··· SOURCE MATERIAL
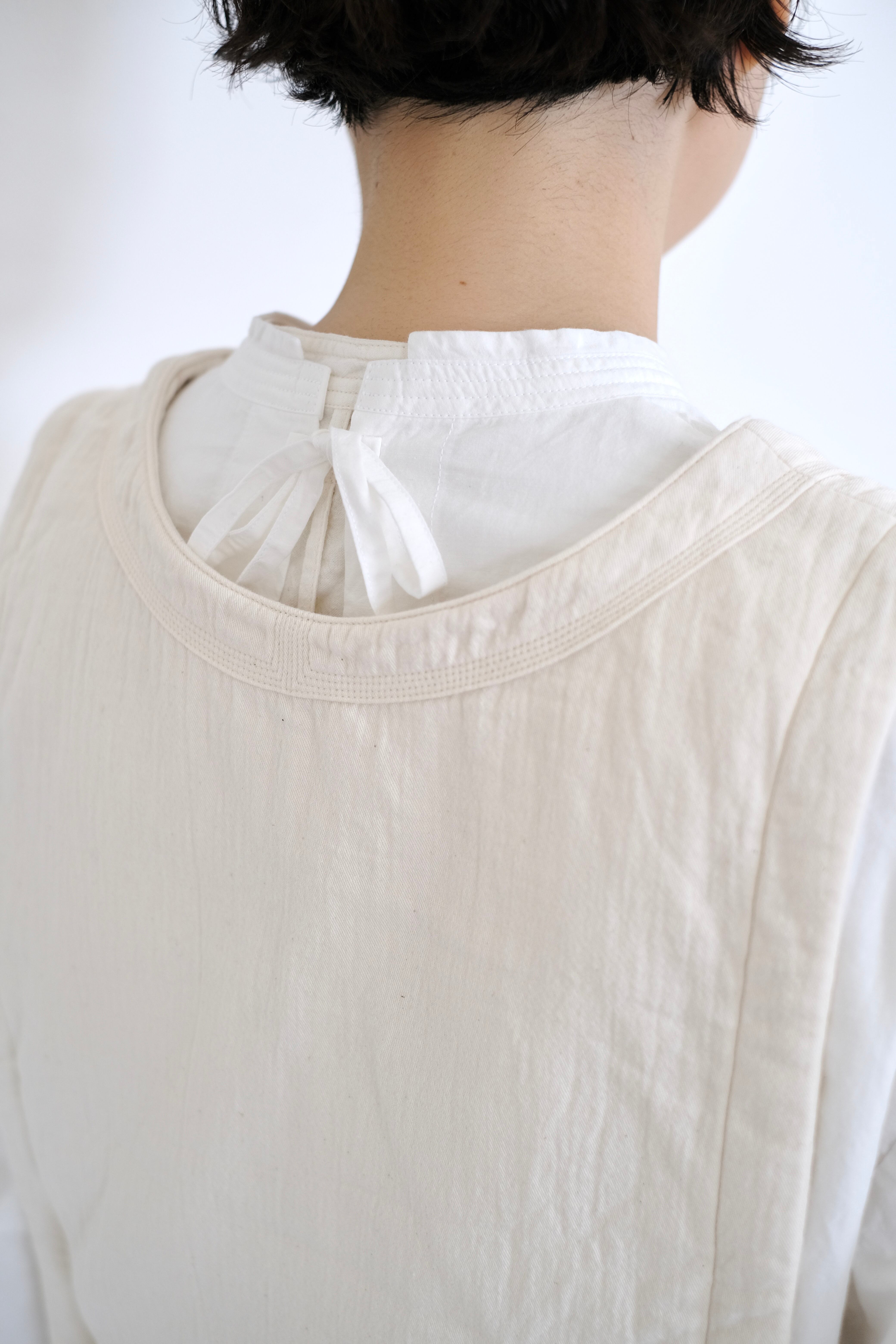 前と後ろで細かなステッチを施した襟が特徴的で、
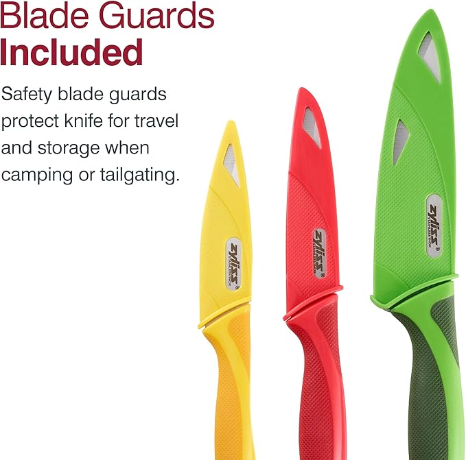 Zyliss 3 Piece Knife Value Set - Kitchen Knife Set - Kitchen Knife Set with Sheath Covers - Includes Paring, Serrated Paring & Utility Knives - Stainless Steel
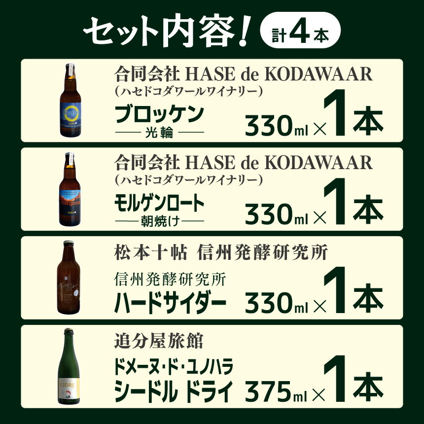 - 【ふるさと納税】松本シードル辛口4種各1本セット|シードル 辛口 飲み比べ 味わい ブロッケン モルゲンロート ハードサイダー 飲料 アルコール さけ 酒 飲酒 ふるさと納税 松本市
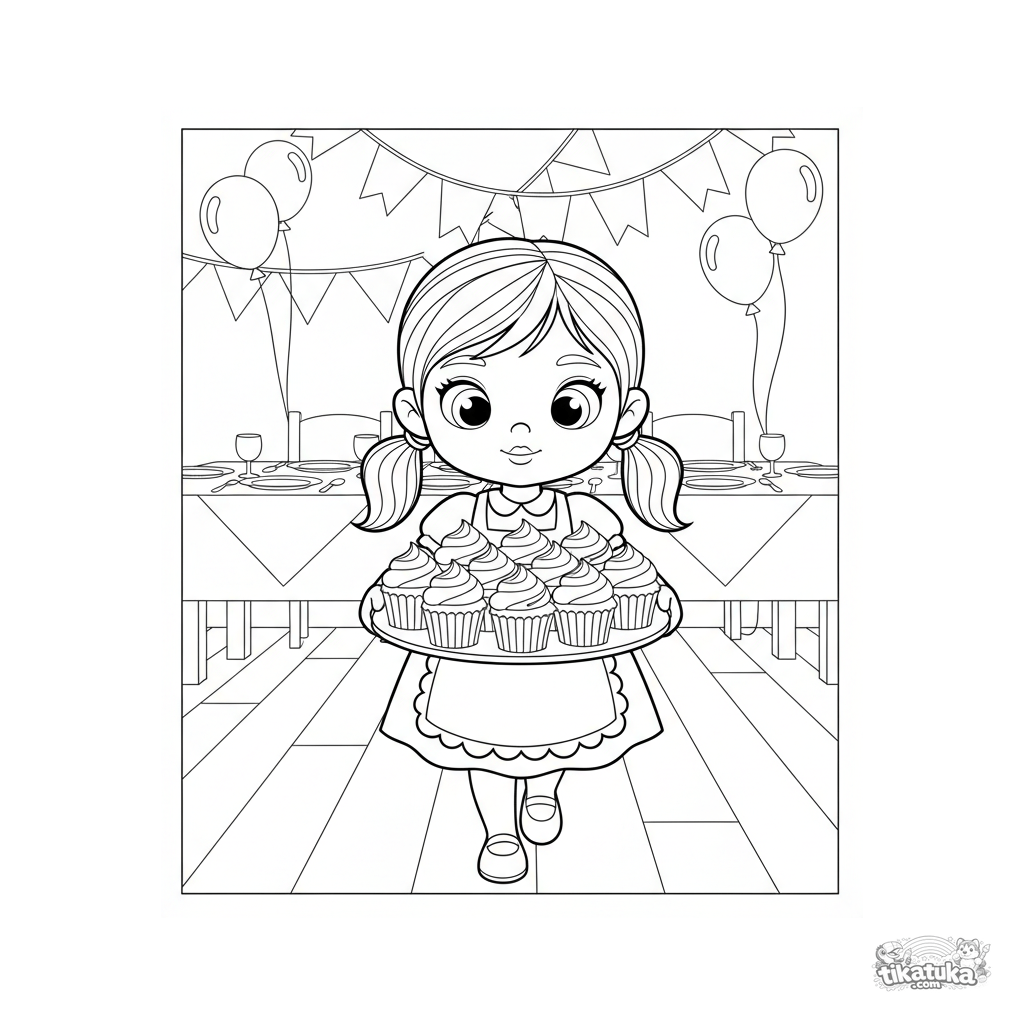 Página para colorir para crianças 4-6 anos: uma menina com avental carrega com cuidado uma bandeja de cupcakes em um salão festivo decorado. Com mesa de festa e bandeirolas ao fundo.
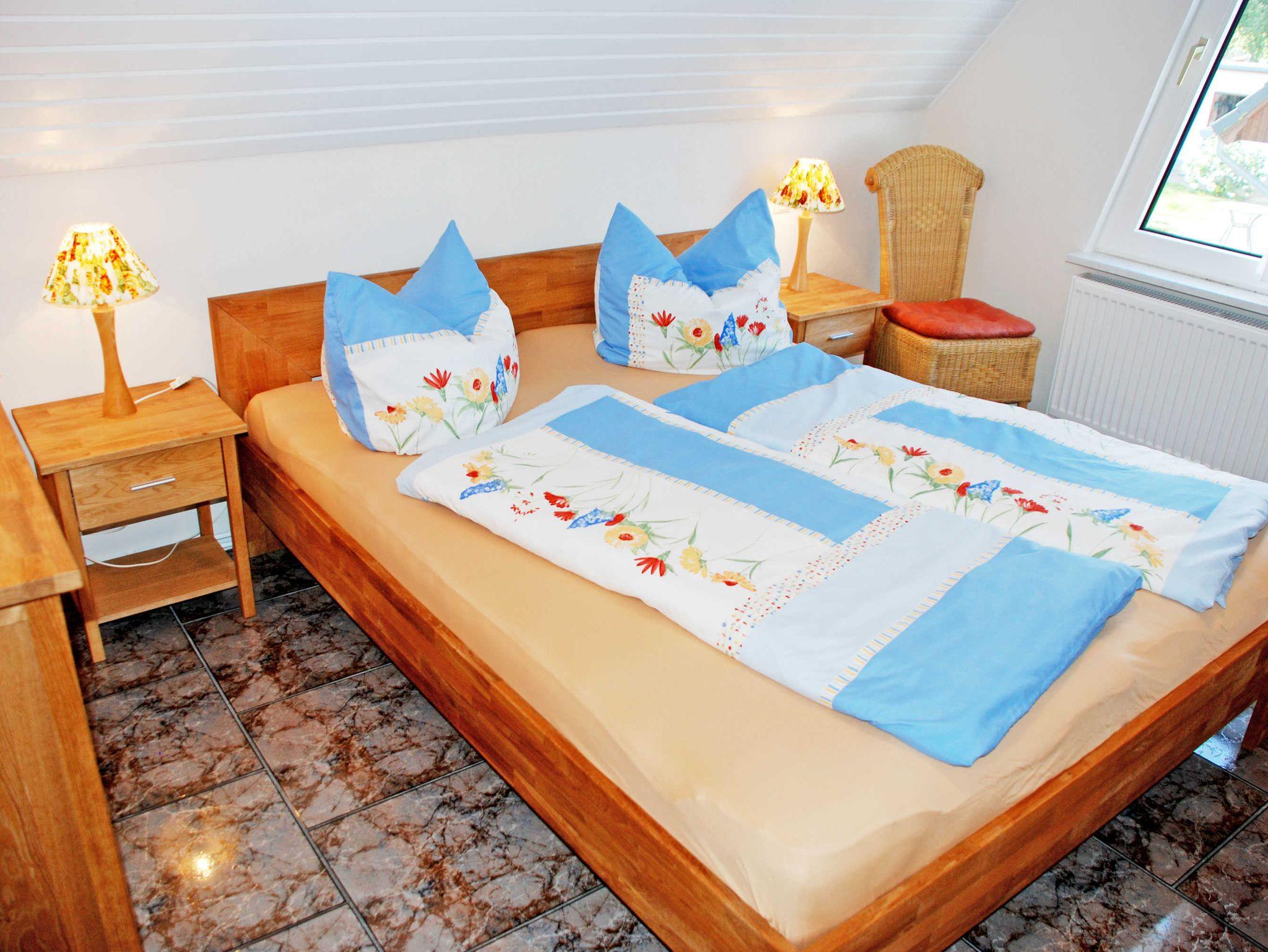 Zur Ausstattung der kleinen Pantryküche im Flur gehören ein kleines Cerankochfeld, Spüle, Kühlschrank, Wasserkocher und Kaffeemaschine. Aus dieser Wohneinheit haben Sie einen herrlichen Blick auf den Bodden. Auf der Wiese mit Gartenmöbeln können Sie die Sonne genießen oder bei einem Gläschen Wein entspannen. Ein Kinderreisebett und Hochstuhl können auf Wunsch gern gegen eine kleine Gebühr bereitgestellt werden. Auf Wunsch sind gegen Aufpreis bei Ihrer Anreise die Betten mir Bettwäsche bezogen und es liegen frische Handtücher bereit, bitte dann mitbuchen! Das Bad ist mit Dusche, WC, Fön und Waschtisch ausgestattet.
······
EXERCISE: If pictures appear among the entries above, omit them; repeat everything else verbatim.

SOLUTION FOR THIS TASK:
 前と後ろで細かなステッチを施した襟が特徴的で、
 Zyliss 3 Piece Knife Value Set - Kitchen Knife Set - Kitchen Knife Set with Sheath Covers - Includes Paring, Serrated Paring & Utility Knives - Stainless Steel
 - 【ふるさと納税】松本シードル辛口4種各1本セット|シードル 辛口 飲み比べ 味わい ブロッケン モルゲンロート ハードサイダー 飲料 アルコール さけ 酒 飲酒 ふるさと納税 松本市
 Página para colorir para crianças 4-6 anos: uma menina com avental carrega com cuidado uma bandeja de cupcakes em um salão festivo decorado. Com mesa de festa e bandeirolas ao fundo.
 Zur Ausstattung der kleinen Pantryküche im Flur gehören ein kleines Cerankochfeld, Spüle, Kühlschrank, Wasserkocher und Kaffeemaschine. Aus dieser Wohneinheit haben Sie einen herrlichen Blick auf den Bodden. Auf der Wiese mit Gartenmöbeln können Sie die Sonne genießen oder bei einem Gläschen Wein entspannen. Ein Kinderreisebett und Hochstuhl können auf Wunsch gern gegen eine kleine Gebühr bereitgestellt werden. Auf Wunsch sind gegen Aufpreis bei Ihrer Anreise die Betten mir Bettwäsche bezogen und es liegen frische Handtücher bereit, bitte dann mitbuchen! Das Bad ist mit Dusche, WC, Fön und Waschtisch ausgestattet.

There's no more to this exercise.